The role of parental leave policies in eliminating the motherhood penalty:
While affordable childcare could help more women back into the workforce, in order to tackle the motherhood penalty at its root, the report explores solutions that could help to redistribute childcare more equally between women and men. This would assist in shifting societal attitudes about gender roles. While the UK currently offers a statutory shared parental leave scheme, take up by fathers is low (estimated 2-8%), mainly due to affordability issues, with payment to fathers only at the statutory level (capped at £156.66 per week, among the lowest in Europe).
The analysis suggests that, as a result of fathers taking more paternity leave, an additional 720,000 women in the UK could remain in full-time employment (over a 20 year analysis period), thus improving the UK’s overall ranking on the Index. Moreover, it estimates that the incidence of postpartum depression would fall - with an estimated 230,000 mothers and 240,000 fathers no longer suffering over the analysis period, which could save the NHS around £1.4 billion.
The benefits are not limited to parents - as a result of fathers spending more time with their children in their early years, around 66,000 children every year (10% of births) could attain better educational outcomes - scoring one grade higher in either Mathematics or English at GCSE once they reach high school age.
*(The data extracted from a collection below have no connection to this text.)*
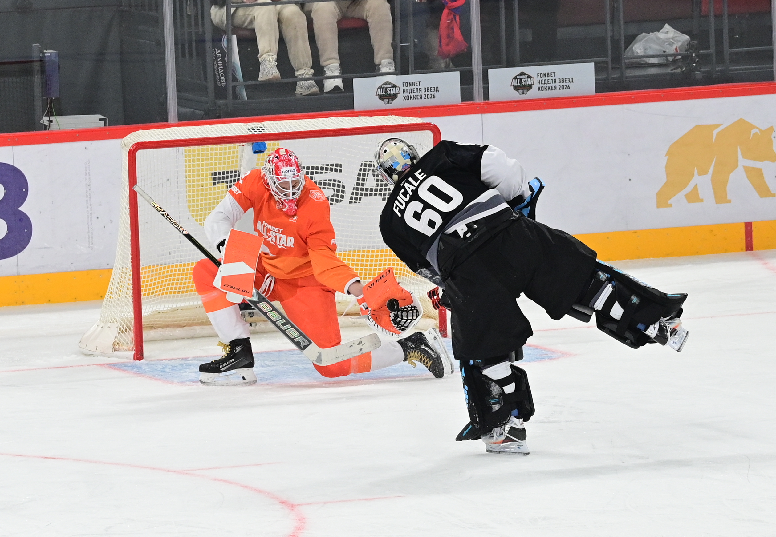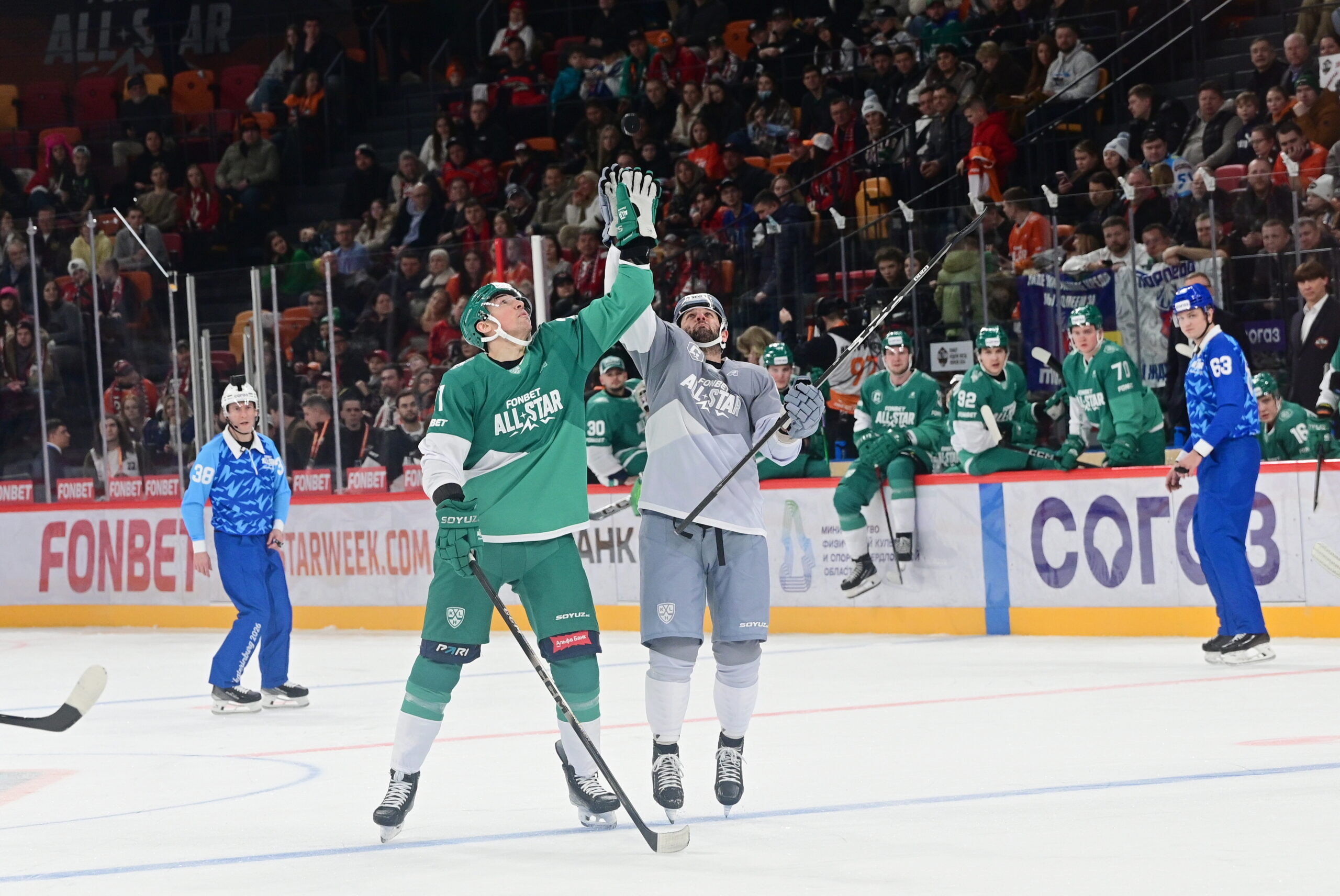 Нужно сказать, что, конечно, мини-турнир в формате Матча всех звезд – это прежде всего шоу для зрителей. Здесь нет запредельных скоростей, нет силовых приемов, борьбы и прочих атрибутов традиционного хоккейного матча. Все хоккеисты нацелены на красивый хоккей, не особо мешают соперникам создавать красивые моменты, а зачастую матч прерывался на разные элементы шоу. Например, были и вратарские «драки», больше напоминавшие вальс, были и удаления судьи: да-да, после столкновения игрока KHL Urals Stars Григория Дронова с судьей хоккеист отправил арбитра на скамейку штрафников. В общем, хоккеисты старались сделать так, чтобы зрителям на трибунах было максимально интересно наблюдать за происходящим.
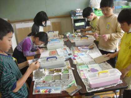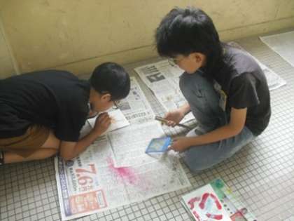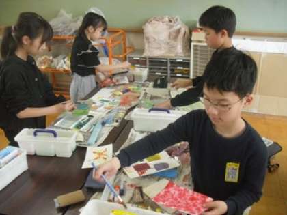 絵の具の多様な使い方を試し、そこから生まれる模様をもとに創造力を広げています。子どもたちが楽しそうに取り組んでいる姿がとても印象的でした。
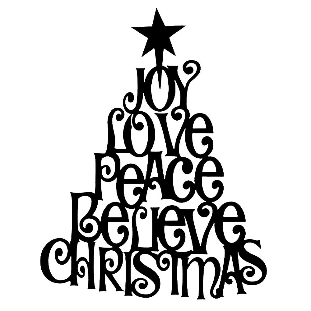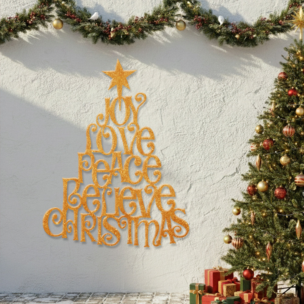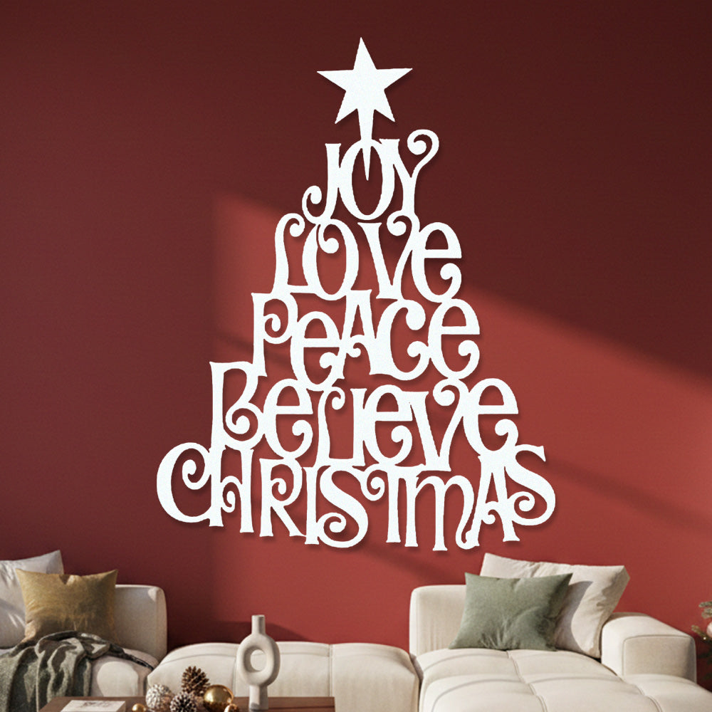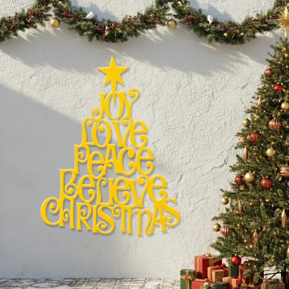 Joy Love Peace Believe Christmas Metal Wall Art – Tree Shape Holiday Metal Decor
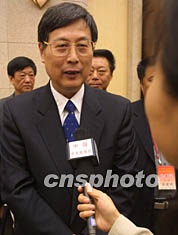 全國政協(xié)常委、民進中央副主席黃孟復二十六日在中華全國工商業(yè)聯(lián)合會九屆一次執(zhí)委會上,當選為全國工商聯(lián)主席。圖為黃孟復主席接受記者采訪。作者:史利
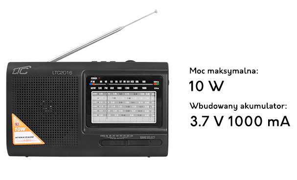 PS Radio przenośne LTC-2016 WILGA USB z wbudowanym akumulatorem, CZARNE.

This is also estimated to lead to an increase in their lifetime earnings of £330m.
Zlatina Loudjeva, Partner in PwC’s International Development team, said:
“Rather than post-pandemic recovery for women, we’re seeing the opposite when it comes to closing the gender pay gap. With both a reversal in the UK’s progress on the index, and a widening of the gender pay gap, it’s clear that it was not a COVID linked issue alone and therefore, ‘business as usual’ simply won’t cut it. This is a question of equity but also a pertinent economic issue as the UK faces labour shortages. There is also a business cost of talent retention.
“We can no longer talk about the impact of COVID-19, it is clear that the cost of childcare in the UK and attitudes towards childcare need urgent focus and action, with government and business to work together to help mitigate the confluence of shocks that have occurred over the last few years so that women are not priced out of the workforce.
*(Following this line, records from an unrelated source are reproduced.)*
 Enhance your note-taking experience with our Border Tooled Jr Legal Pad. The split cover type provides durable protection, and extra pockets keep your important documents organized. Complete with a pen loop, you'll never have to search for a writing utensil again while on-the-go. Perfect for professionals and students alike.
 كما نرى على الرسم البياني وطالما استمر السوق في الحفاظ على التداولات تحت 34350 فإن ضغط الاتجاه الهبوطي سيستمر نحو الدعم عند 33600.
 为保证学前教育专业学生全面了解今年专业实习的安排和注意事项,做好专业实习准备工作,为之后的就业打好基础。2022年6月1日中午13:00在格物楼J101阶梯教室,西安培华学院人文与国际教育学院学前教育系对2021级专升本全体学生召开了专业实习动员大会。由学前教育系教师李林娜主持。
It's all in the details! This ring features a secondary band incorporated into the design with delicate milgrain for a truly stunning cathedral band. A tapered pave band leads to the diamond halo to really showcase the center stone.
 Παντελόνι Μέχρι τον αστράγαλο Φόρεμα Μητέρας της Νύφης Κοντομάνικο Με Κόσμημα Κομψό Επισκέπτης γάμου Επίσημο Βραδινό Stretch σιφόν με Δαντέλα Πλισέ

“There is no panacea, nor a one size fits all policy, that will solve the problems for women at work today. We should consider enhanced parental leave policies and more flexible working so that all parents can balance work and caring responsibilities, alongside tackling the cost of childcare, to help create a more equitable and prosperous society for all. The index shows that this is doable and a number of OECD economies are leading the way through successful interventions.”
The Index: how the UK regions fare
Northern Ireland ranks first amongst the countries and regions in the UK, overtaking the South West which was the top-performing region for three years before this year. The South West now drops into second place, while Scotland remains third (unchanged from last year).
Northern Ireland boasts the smallest gender pay gap (only 5%), and a higher female full-time employment rate than most (the third best across the UK at 64%). However, it has the lowest female labour force participation rate (70%) of all countries and regions in the UK.
Wales saw the largest decrease in its absolute Index score, as well as the most significant fall in rank between 2020 and 2021 - from second to sixth place . This was due to marginal deterioration seen across the majority of indicators.